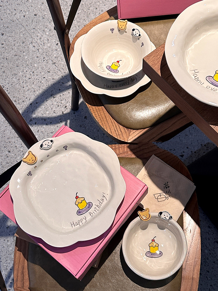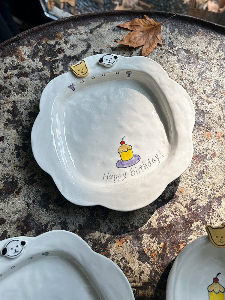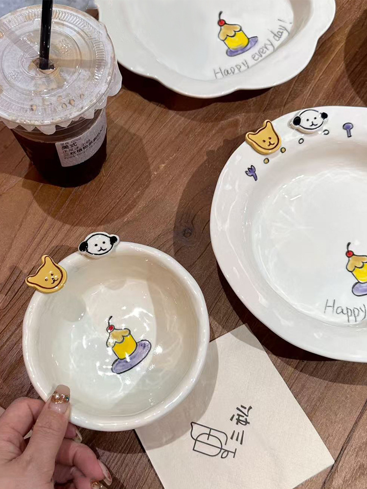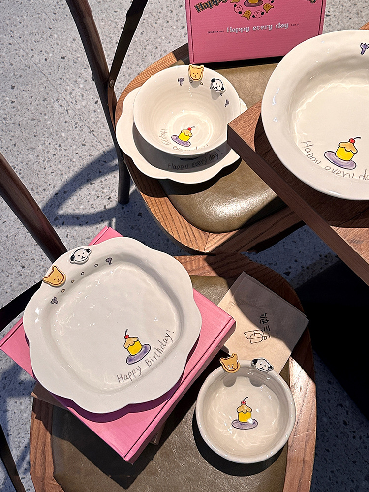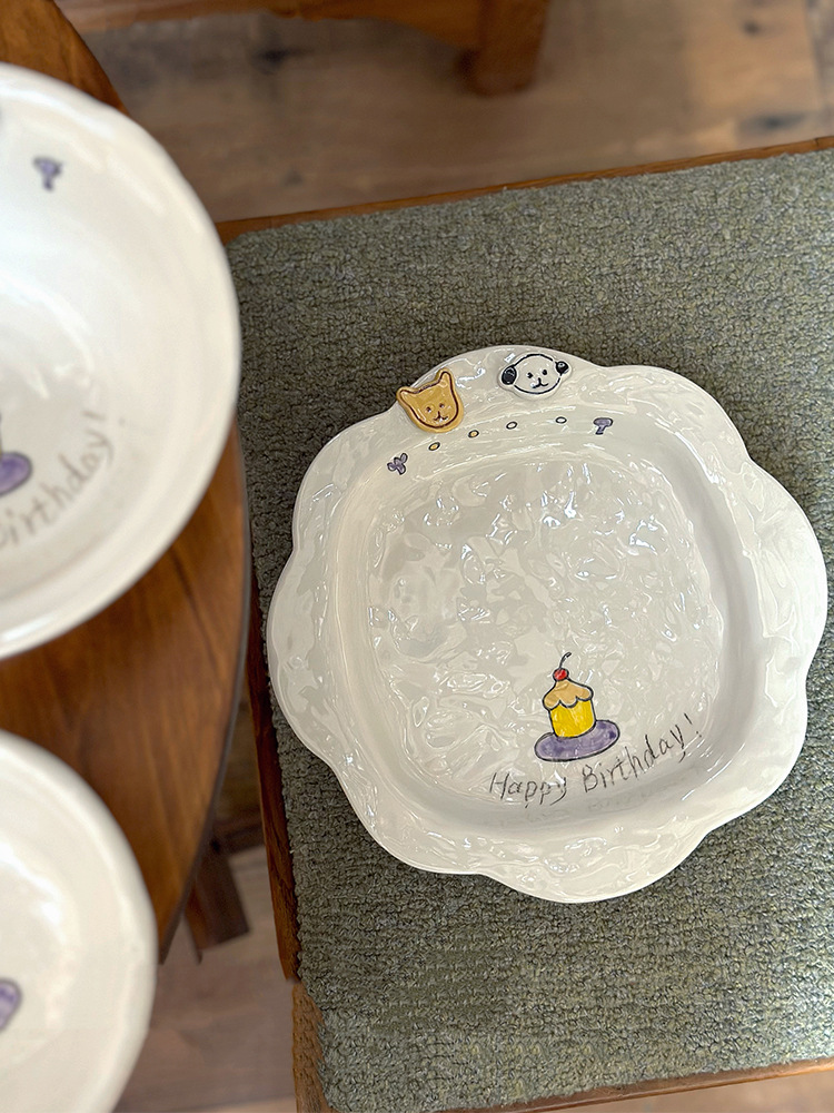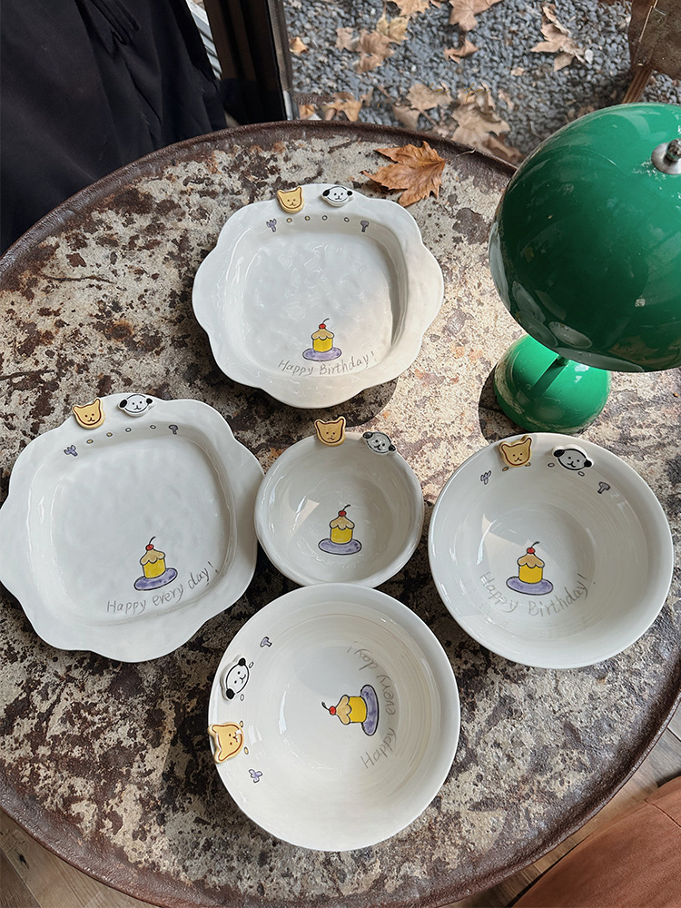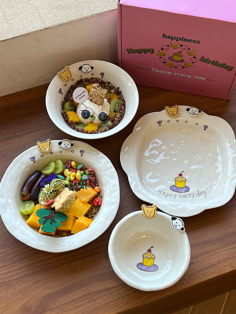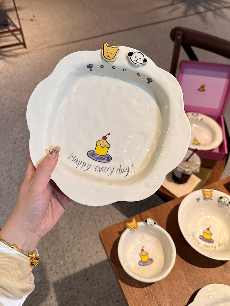 해피 매일 새로운 스타일 세라믹 플레이트 창조적 인 가정용 접시 어린이 접시 깊은 접시 수프 플레이트 아침 식사 플레이트
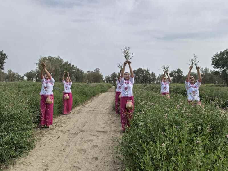 在众多防沙治沙的探索中,罗布麻成为了新疆的“明星植物”。7月26日,由自治区党委网信办主办,巴音郭楞蒙古自治州党委宣传部、党委网信办承办的“高质量发展看新疆”网络主题活动团队走进尉犁县罗布麻种植园,只见一群身着彩衣的姑娘,一边跳着自编采茶舞,一边唱着《罗布麻之歌》:“罗布麻茶,尉犁的茶,浓浓的茶香里有神话……”
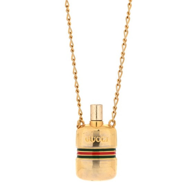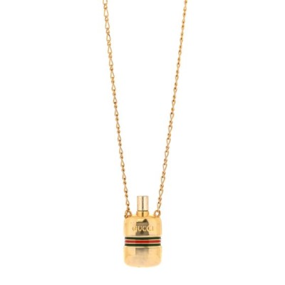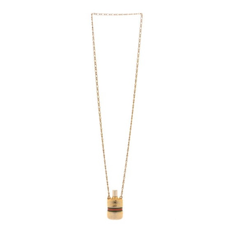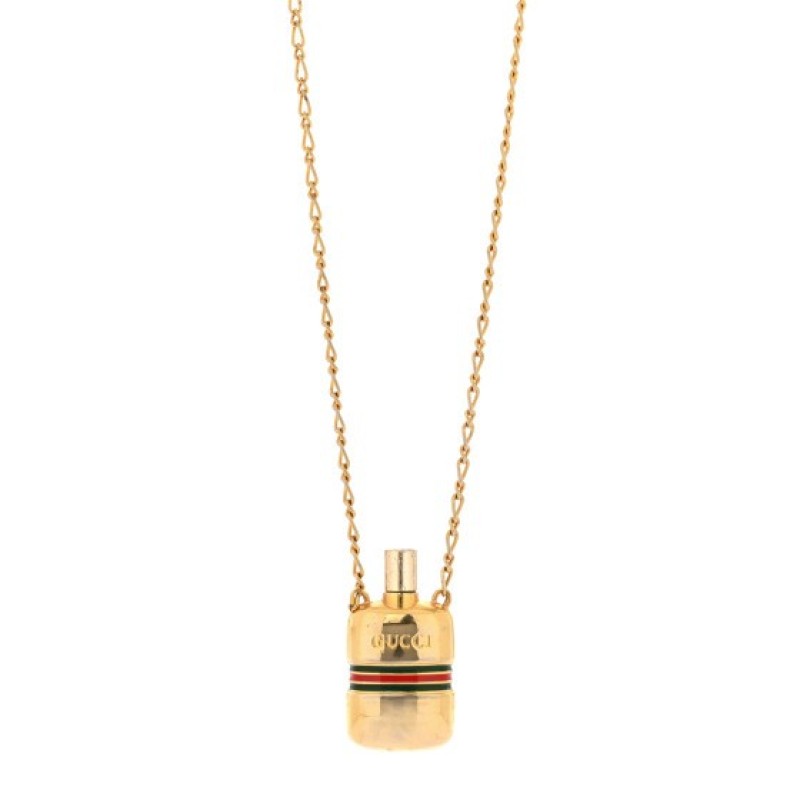 This is an authentic GUCCI Metal Enamel Bottle Pendant Necklace in Gold. This necklace is crafted in an aged gold tone and features a hollow pendant that opens with red and green stripes across the middle.
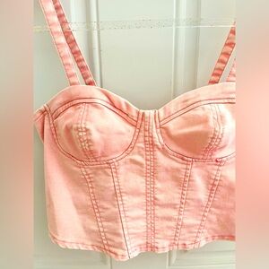 cutie little pink thin strapped top. it is cropped + fits more like a medium (smaller boobies, mine couldn't fit π) it's very comfortable + stylish :)
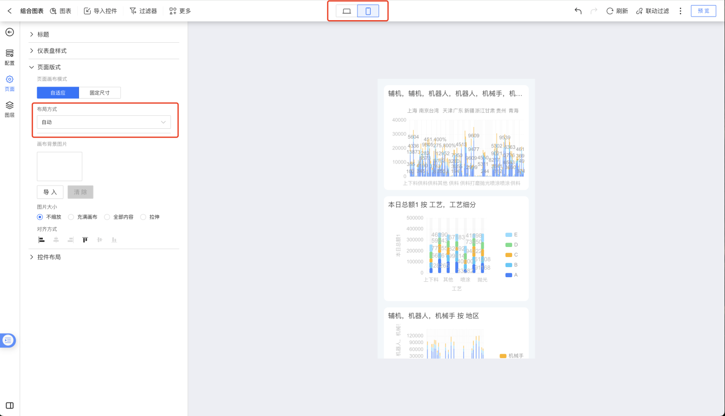 移动端自适应模式下布局方式支持自动和手动两种方式。自动指由系统布局,用户无法移动控件。 手动模式与 PC 端的配置一样,参考相关说明进行配置。
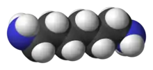 Hexamethylenediamine is the organic compound with the formula H2N(CH2)6NH2. The molecule is a diamine, consisting of a hexamethylene hydrocarbon chain terminated with amine functional groups. The colorless solid (yellowish for some commercial samples) has a strong amine odor. About 1 billion kilograms are produced annually.[4]
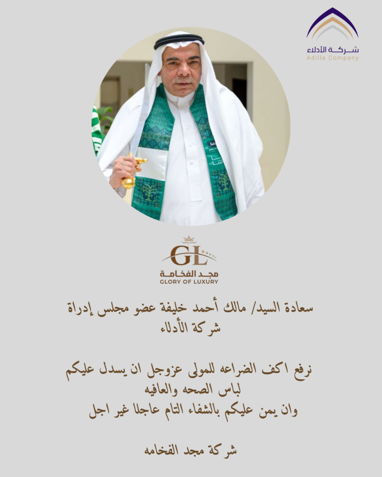 سعادة السيد/ مالك أحمد خليفة عضو مجلس إدراة شركة الأدلاء نرفع اكف الضراعه للمولى عزوجل ...
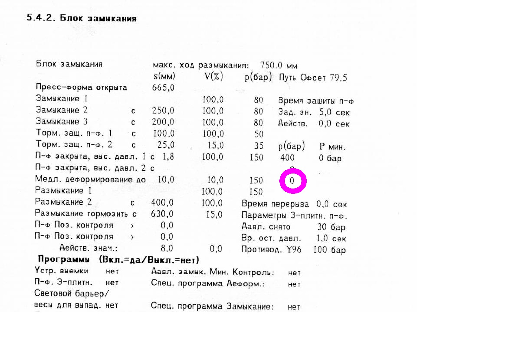 Ещё раз попрошу фото экран смыкания в момент, когда гудит (надеюсь, что гудит при подходе в закрытое положение ПФ). Это может означать, что давление запирания формы (сиреневая) не достигает заданного значения. И тут могут быть варианты.
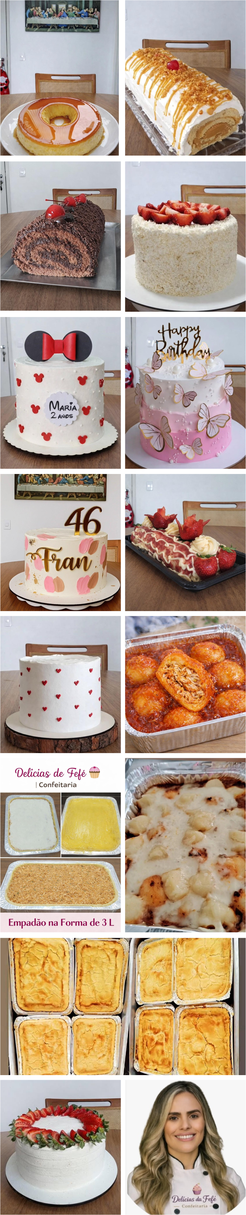 Também fazem parte das criações os inhoques, rocamboles, pudins e bolos decorados, preparados com massas amanteigadas, de baunilha ou chocolate, sempre com atenção minuciosa aos detalhes.
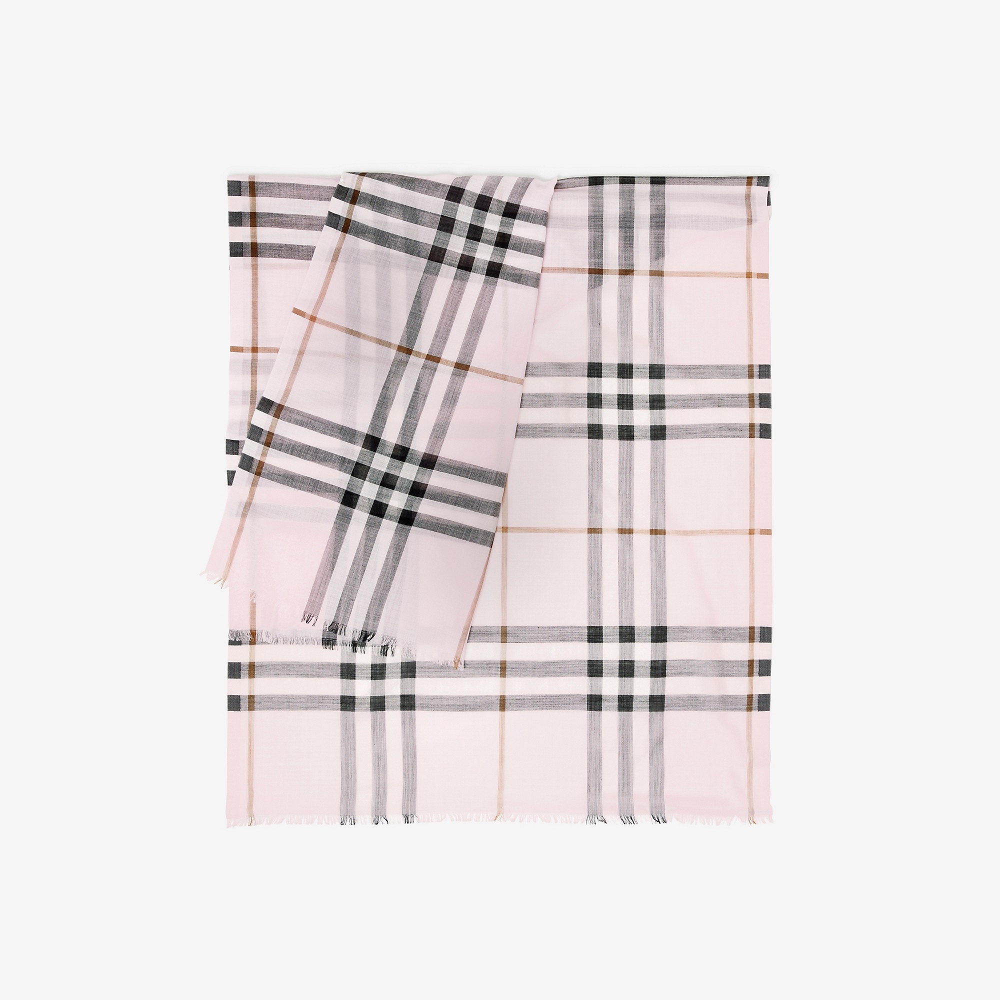 Product Details A wool-silk scarf in a lightweight gauze weave. The Italian-made design is patterned with the Burberry Check. - Rectangular - Eyelash fringing at the edges - *The wool in this product comes from farms which respect animal welfare. - Item 80787811 Size & Fit - 220 x 70cm/86.6 x 27.6in Fabric & Care - 51% wool, 49% silk - Dry clean - Made in Italy
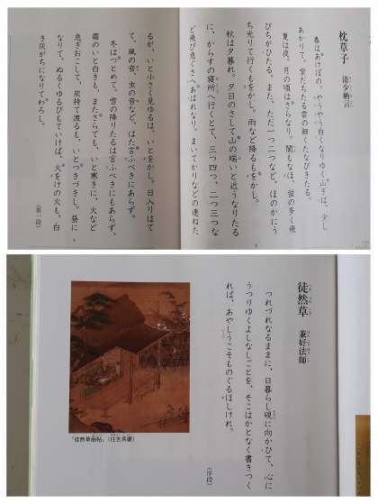 枕草子は、「春と夏」、「秋」、「冬」の3つに分けて、徒然草は1つ、計4つのパートでの暗唱テストです。
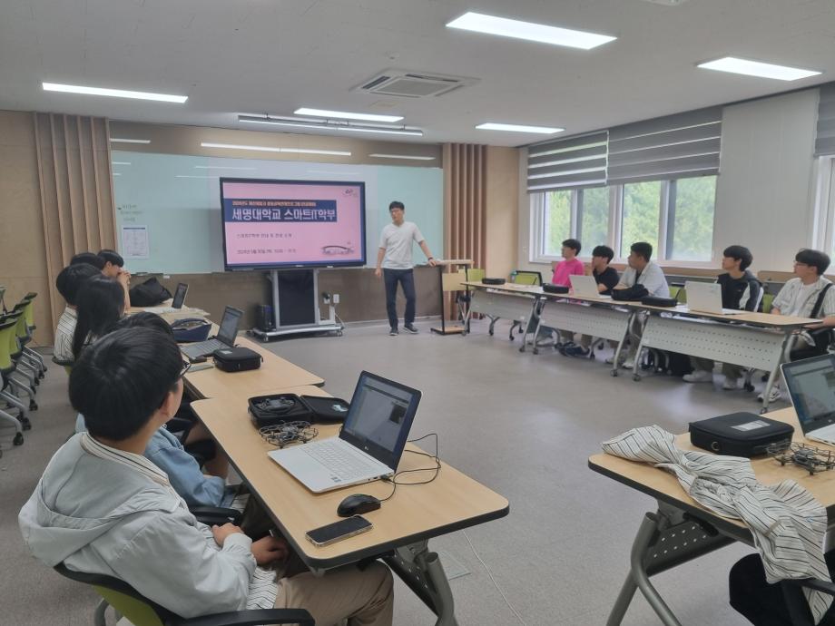본문 시작 홈으로 SMIT 소식 SMIT 소개 SMIT 교육 SMIT 취업 SMIT 소식 SMIT 입학 홈페이지가이드 갤러리 공지사항 갤러리 경진대회 동아리 갤러리 페이스북 트위터 프린트 제천제일고 전공체험활동!! 스마트IT학부 2681 2024-06-03 안녕하세요 세명대학교 스마트IT학부입니다☺ 2024년 5월 30일에 제천제일고등학교 학생들의 전공 체험 활동을 진행하였습니다! 제일고등학교에서 온 학생들의 전공체험을 위해 코딩 및 드론 체험 진행했습니다. 잘 따라와준 학생들에게는 소정의 상품도 증정하였던 매우 열정적인 시간이었습니다!❤️🔥❤️🔥 함께한 친구들 모두 세명대에서 다시 만날 수 있길 바라요🤗 목록 이전2024 부트캠프 시행 다음 2024학년도 졸업작품 전시회 개최 담당부서 : 스마트IT학부 담당자 : - 연락처 : 043-649-1275 최종수정일 : 2024-10-26 만족도조사 만족도 조사 이 페이지에서 제공하는 정보에 대하여 만족하시나요? 매우만족 만족 보통 불만족 매우불만족

-----

■ **What to do**: Starting at the line with "Product Details A" in the entries above, write out every line exactly until the line with "枕草子は、「春と夏」、「秋」" has been written. Include no pictures and nothing more.

■ **Completed task**:
 Product Details A wool-silk scarf in a lightweight gauze weave. The Italian-made design is patterned with the Burberry Check. - Rectangular - Eyelash fringing at the edges - *The wool in this product comes from farms which respect animal welfare. - Item 80787811 Size & Fit - 220 x 70cm/86.6 x 27.6in Fabric & Care - 51% wool, 49% silk - Dry clean - Made in Italy
 枕草子は、「春と夏」、「秋」、「冬」の3つに分けて、徒然草は1つ、計4つのパートでの暗唱テストです。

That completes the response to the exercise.